L’attività dell’UCI è disciplinata dagli articoli 125 e 126 del decreto legislativo n. 209 del 7 settembre 2005, meglio noto come Codice delle Assicurazioni Private.
COSA FARE SUBITO SUL LUOGO DELL’INCIDENTE
Il primo impatto lascia spesso spaesati, ma le azioni nei minuti successivi al sinistro sono decisive. Scattare fotografie ai veicoli permette di fissare la posizione dei mezzi, lo stato dei danni e, soprattutto, la targa del veicolo estero. Serve per identificare con certezza la controparte, dettaglio fondamentale per l’intera pratica di risarcimento.
Raccogliere i contatti di possibili testimoni oculari si rivela spesso prezioso, specie se la dinamica è controversa. Una dichiarazione scritta o, se possibile, una breve deposizione verbale contribuisce ad avvalorare la propria ricostruzione dei fatti.
Ma il consiglio principe è soprattutto quello di attivare un organo di polizia stradale per i rilievi del caso. Infatti, a norma del già citato art. 126 comma 6 del Codice delle Assicurazioni, “in caso di incidente cagionato nel territorio della Repubblica dalla circolazione di veicoli a motore immatricolati o registrati all’estero, l’UCI può richiedere ai competenti organi di polizia le informazioni acquisite relativamente alle modalità dell’incidente, alla residenza e al domicilio delle parti e alla targa di immatricolazione o altro analogo segno distintivo”.
L’intervento di un organo di polizia stradale, nell’immediatezza del fatto, garantisce i protagonisti del sinistro, in quanto l’accertamento effettuato risulta sicuramente più completo e obiettivo nell’indicazione dei dati e di tutte le informazioni necessarie a ottenere il risarcimento. Non dimentichiamo, infatti, che la relazione sulla dinamica redatta dall’organo di polizia ha efficacia di atto pubblico, mentre il semplice modulo CAI ha un valore in giudizio notevolmente inferiore.
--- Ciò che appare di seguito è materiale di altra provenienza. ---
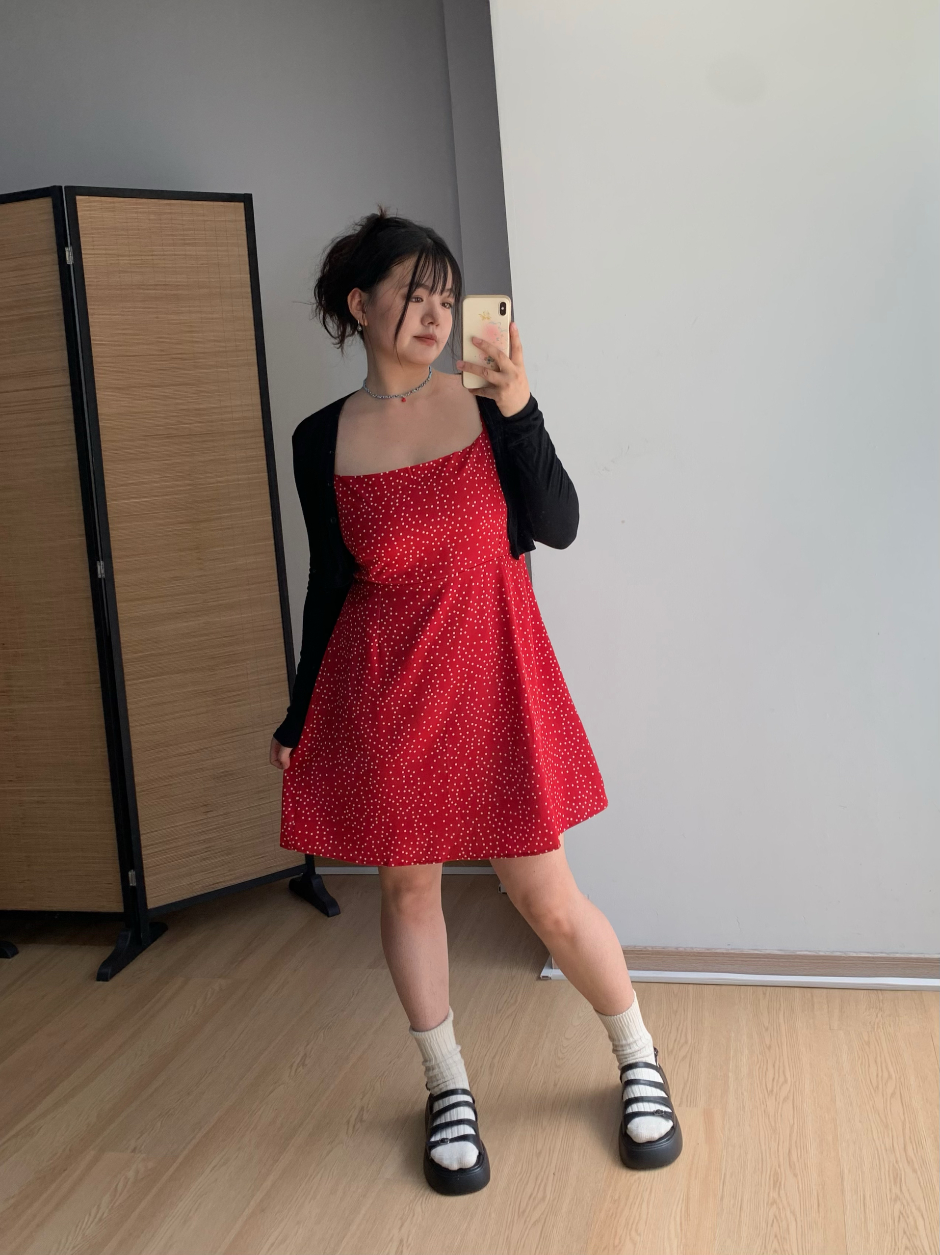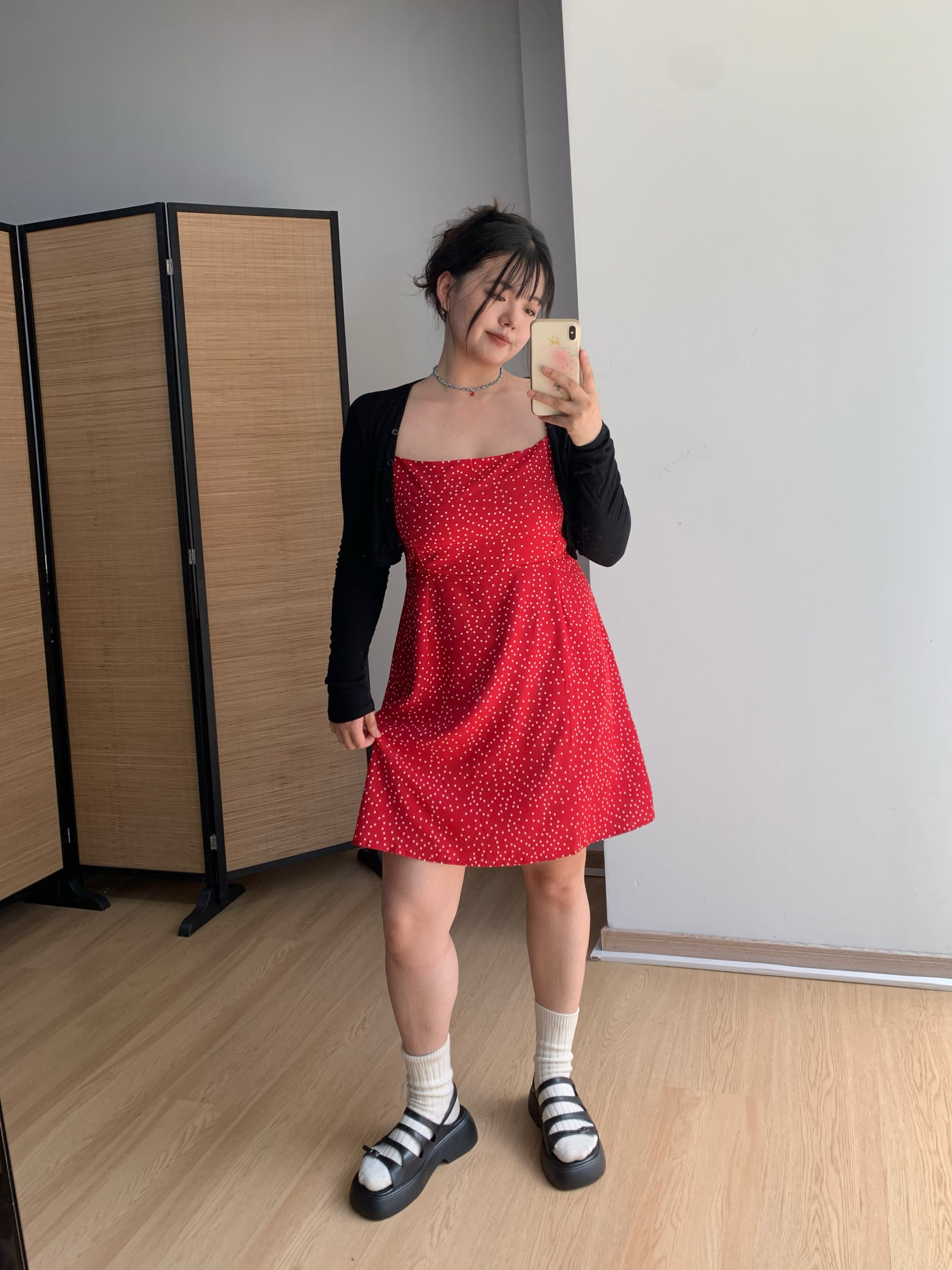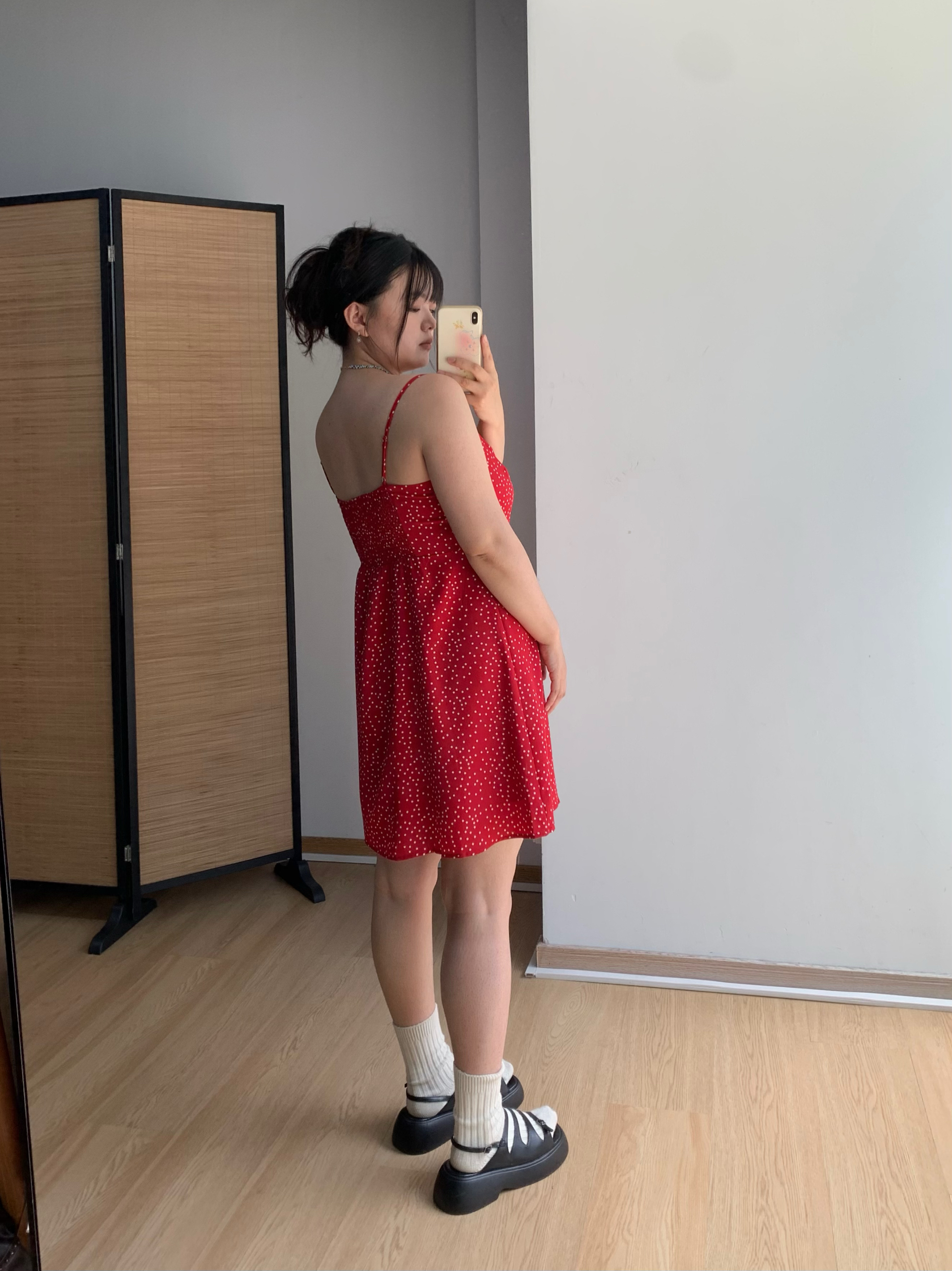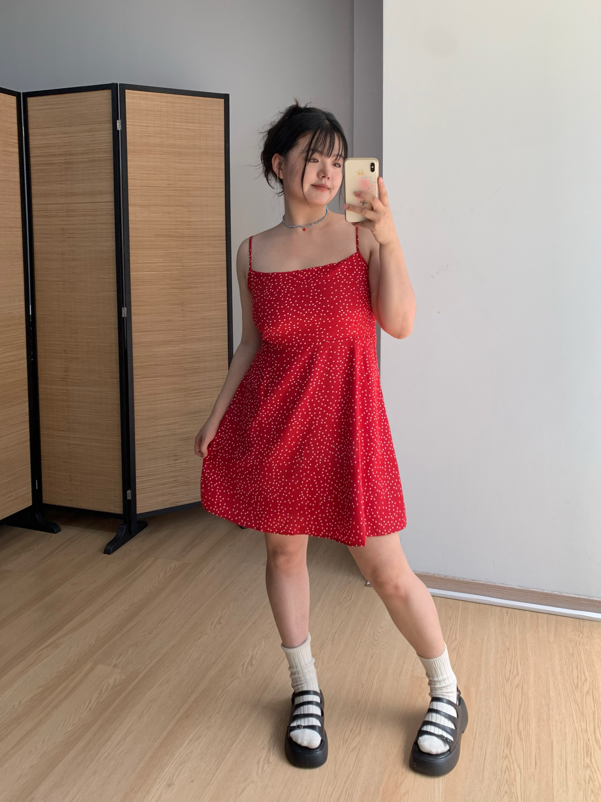 胖MM 吊带裙甜美风出游连衣裙女夏季 FishCake大码 微胖红色波点短款

Tra l’altro l’organo di polizia intervenuto per i rilievi ha l’obbligo di inviare comunicazione dell’avvenuto incidente all’UCI. Comunque, per non farsi mancare nulla, è consigliabile compilare in maniera dettagliata e completa anche il modulo di constatazione amichevole e inviare la denuncia alla propria compagnia assicurativa entro tre giorni dalla data dell’incidente.
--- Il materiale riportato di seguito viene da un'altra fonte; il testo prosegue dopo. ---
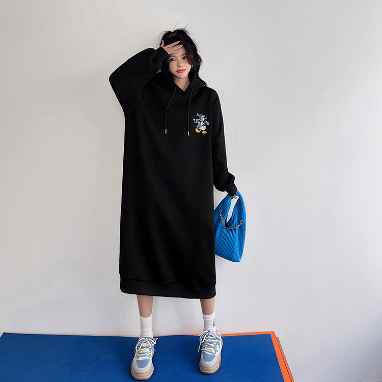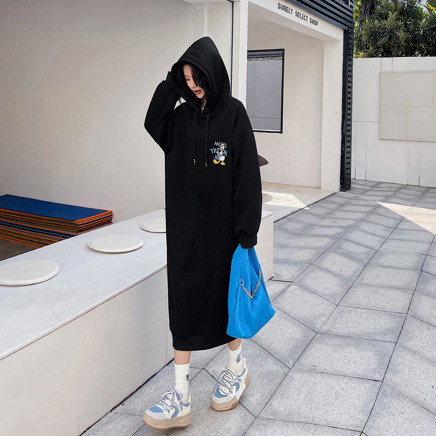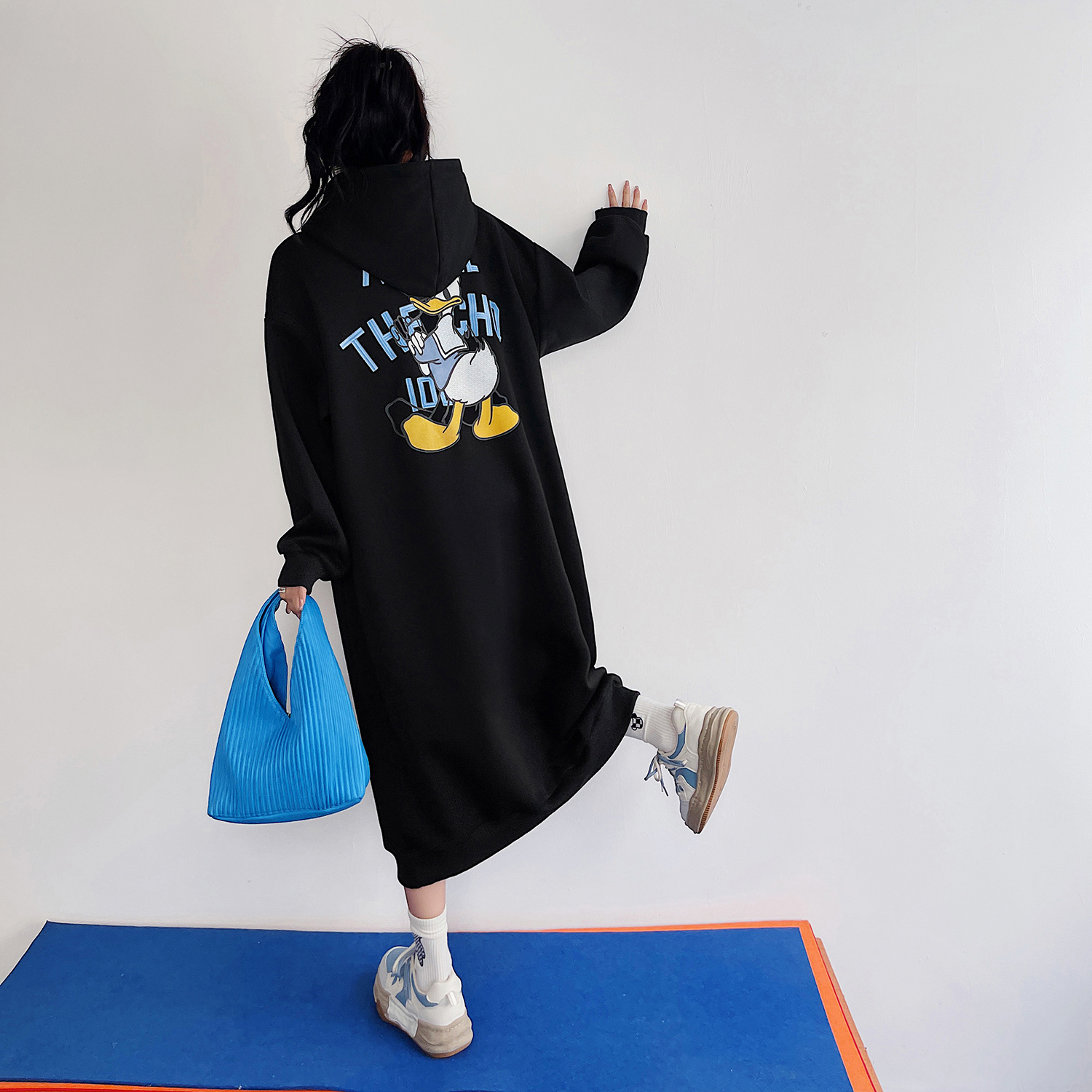 套头连帽卫衣裙女2024春秋季新款加绒加厚过膝卡通印花懒人连衣裙

Recarsi al Pronto Soccorso entro 24/48 ore
Anche in assenza di lesioni appariscenti, recarsi presso un Pronto Soccorso entro 24/48 ore è scelta prudente e tutelante. I traumi da incidenti stradali possono manifestare conseguenze solo dopo alcune ore: la certificazione immediata del danno fisico, tramite referto medico e cartella clinica, costituirà la base per ogni domanda risarcitoria per lesioni personali.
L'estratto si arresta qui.